Es wird davon ausgegangen, dass in erster Linie die staatlichen Schulen für
die Förderung rechenschwacher Kinder zuständig sind, und dass andere (vor allem
therapeutische) Hilfen erst nachrangig in Betracht zu ziehen sind (Subsidiaritätsprinzip).
Diesem formalen Anspruch
an das öffentliche Schulsystem entspricht jedoch im Fall von Dyskalkulie tatsächlich
nur in seltenen Ausnahmefällen die inhaltliche Kompetenz der einzelnen Schule.
Das betrifft sowohl die angebotenen Maßnahmen (in der Regel Förderunterricht)
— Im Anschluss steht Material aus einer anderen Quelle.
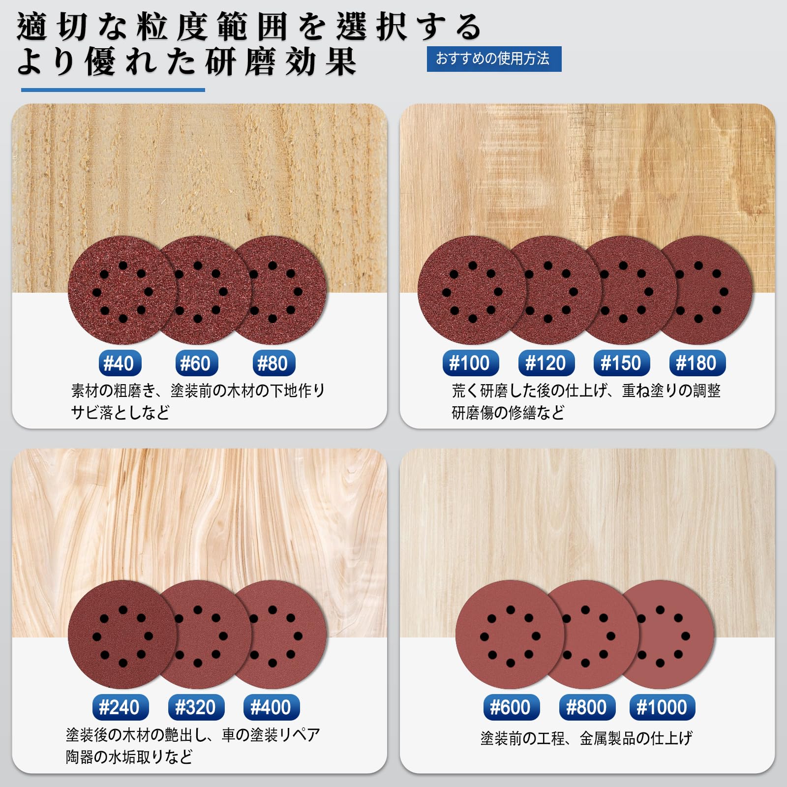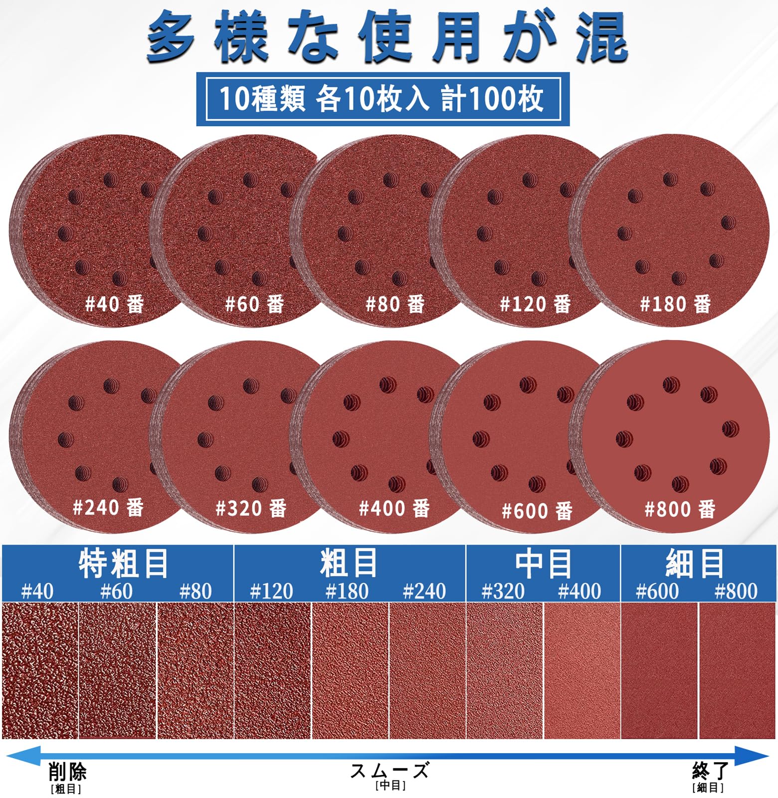 【ほとんどのニーズをカバーする砥粒】100枚サンダーペーパーセット 粗目から細か目まで 各10枚#40/#60#80/#120/#180/#240/#320/#400#600/#800 コスパ抜群、種類多い-すべての研磨要件を満たすのに十分

als auch den Ausbildungsstand des Lehrpersonals. Welcher Förderunterricht beginnt
denn mit der präzisen Ermittlung der individuellen Lernausgangslage (Lernstandsdiagnose)?
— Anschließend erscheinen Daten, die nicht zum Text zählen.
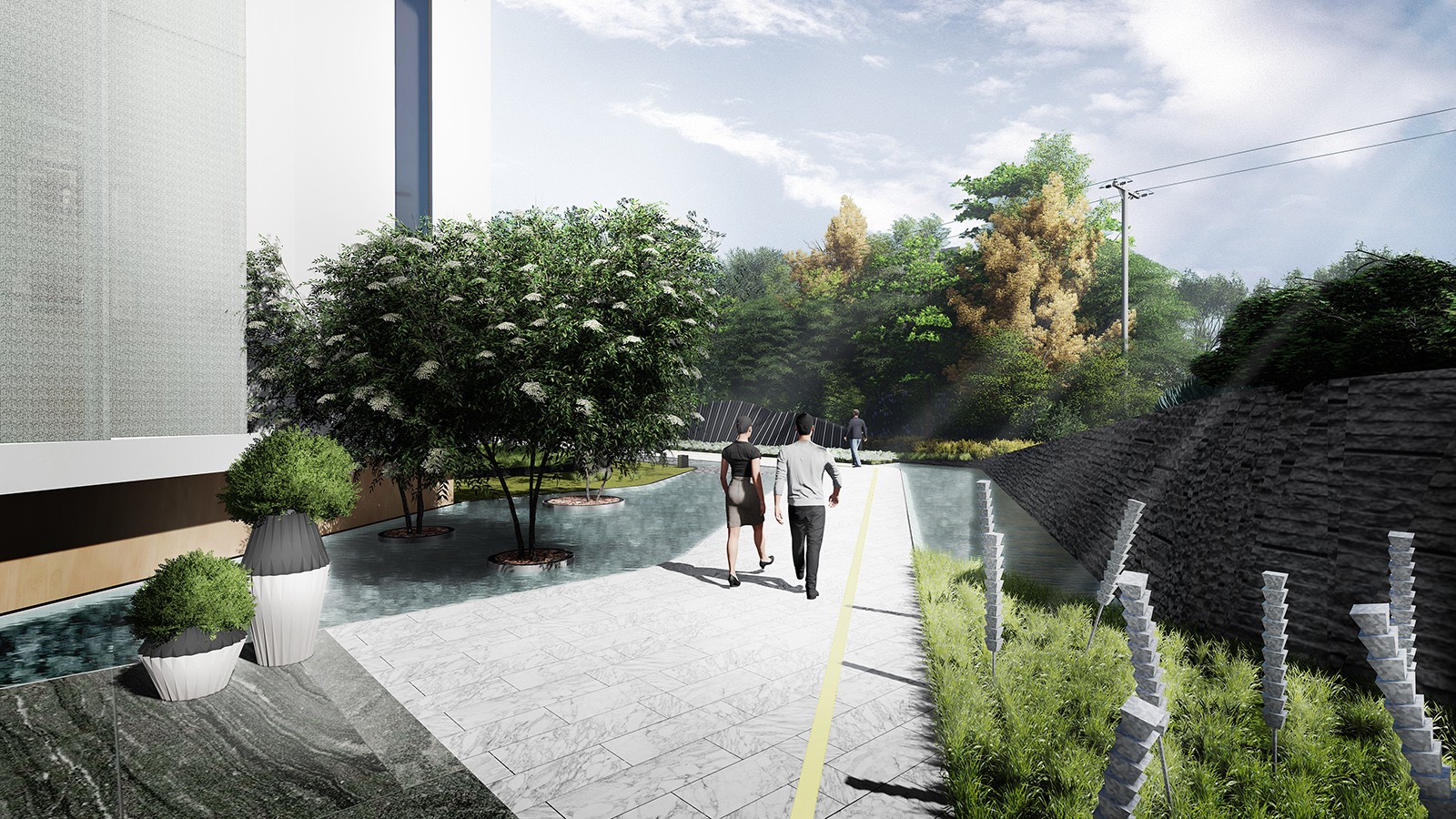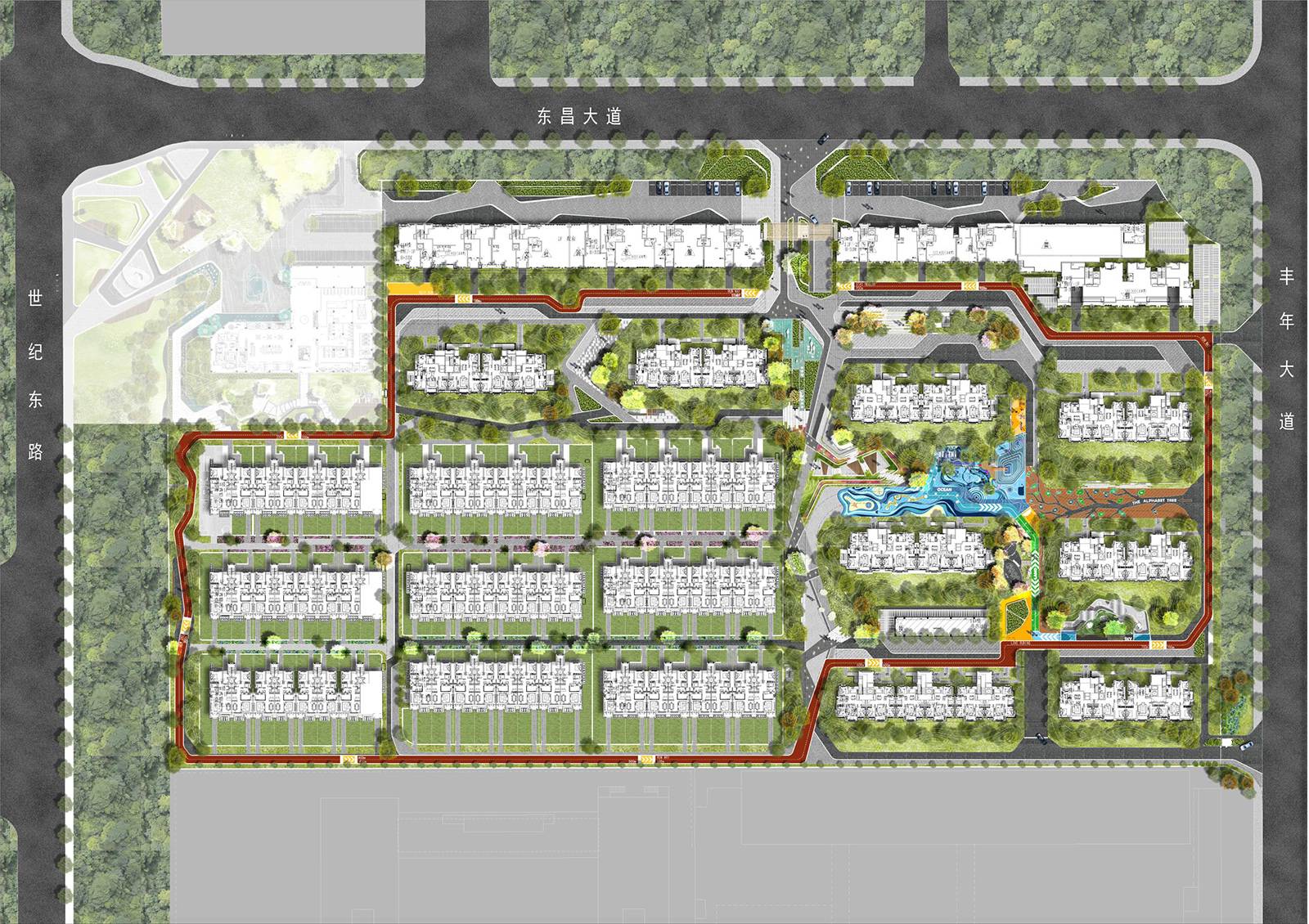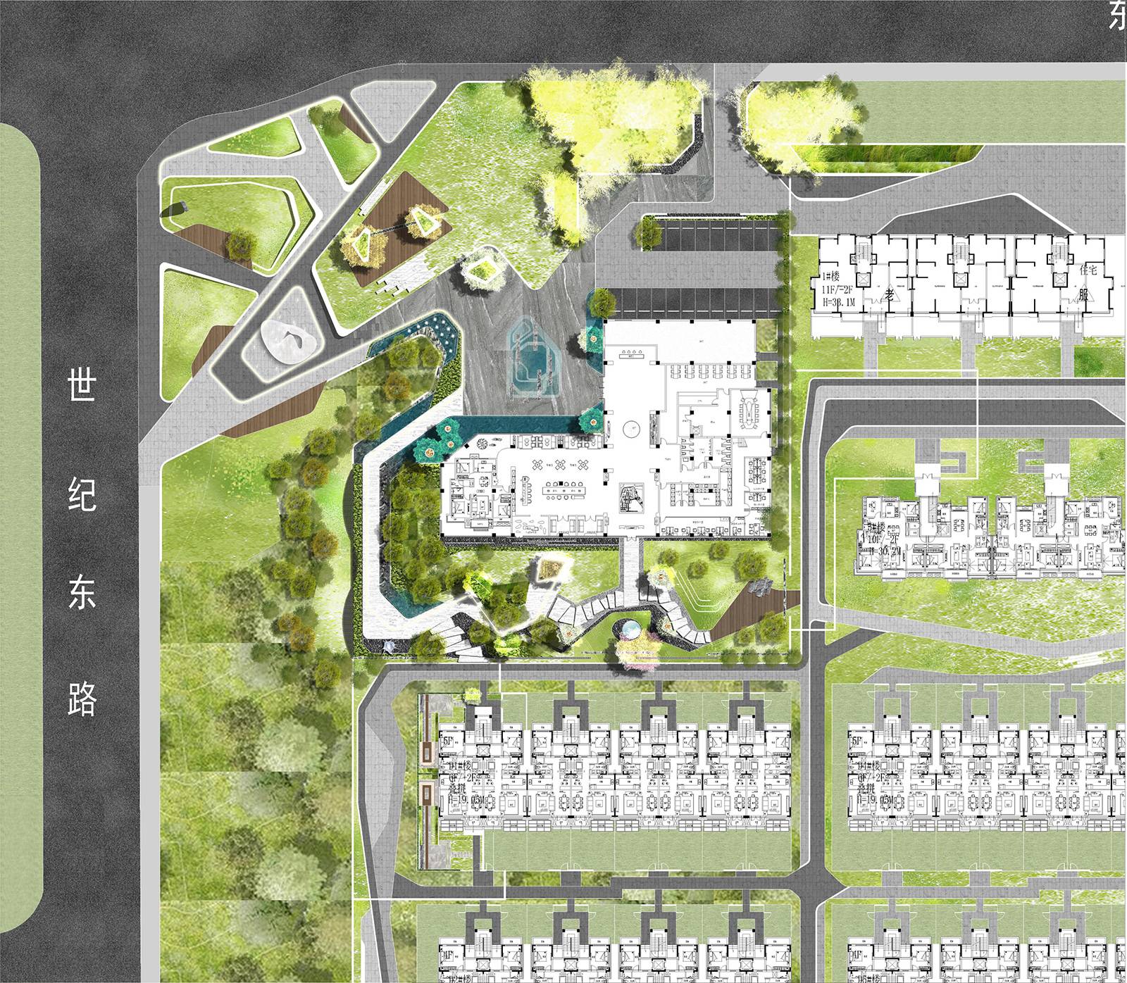 項(xiàng)目整個(gè)場(chǎng)地南高北低,西高東低,建筑作為場(chǎng)地中心,由東南向西北形成一個(gè)約1.5 米高差的緩坡,內(nèi)部將由商業(yè)內(nèi)街,高層住宅,別墅組成一個(gè)完整的私屬居住空間。設(shè)計(jì)時(shí)除了充分考慮各區(qū)域之間的獨(dú)立性和特性外,我們更注意公共空間的合理布局及不同區(qū)域的生活屬性,激發(fā)互動(dòng)的同時(shí),保證局部區(qū)域的幽靜、安寧。

Welcher Lehrer ist denn auf der Grundlage einer solchen Lernstandsdiagnose in
der Lage, eine Intervention zu planen und durchzuführen, die sich an den individuell
ausgeprägten Eigenarten und Störungen des Lernprozesses sowie der subjektiven
Verarbeitung der Leistungsschwäche orientiert?
Die Ursachen für diese regelmäßig
fehlenden Kompetenzen liegen in der derzeitigen Situation der universitären
Ausbildung von Lehrern aller Schulstufen, in der die Studenten nur in wenigen
Ausnahmen überhaupt zur Befassung mit dem Phänomen 'Dyskalkulie' angeregt werden.
Bisher ist kein Studiengang für Lehramtsstudenten bekannt, der die Befähigung
zur Ermittlung der individuellen Lernausgangslage und zur Planung und Durchführung
einer dementsprechenden Intervention einschließt. (Wer sich mit den Hintergründen
und Ursachen dieses eigenartigen Auseinanderfallens von Anspruch und Kompetenz
näher befassen will, sei z.B. auf die Bücher von Ralf Röhrig oder Fred Steeg
verwiesen [kommentierte
Literaturliste] oder auf den online verfügbaren Artikel
"Rechenschwäche/Dyskalkulie: ärgerliches Nebenprodukt schulischer
Widersprüche.")
Unabhängig von der bildungspolitischen Bewertung dieses Sachverhalts muß man
derzeit im Fall von Dyskalkulie davon ausgehen, dass kompetente Hilfe in der
Regel eher von privaten Therapieinstituten zu bekommen ist als vom öffentlichen
Schulsystem.
Das hat erhebliche Konsequenzen für das praktische Vorgehen des Hilfesuchenden.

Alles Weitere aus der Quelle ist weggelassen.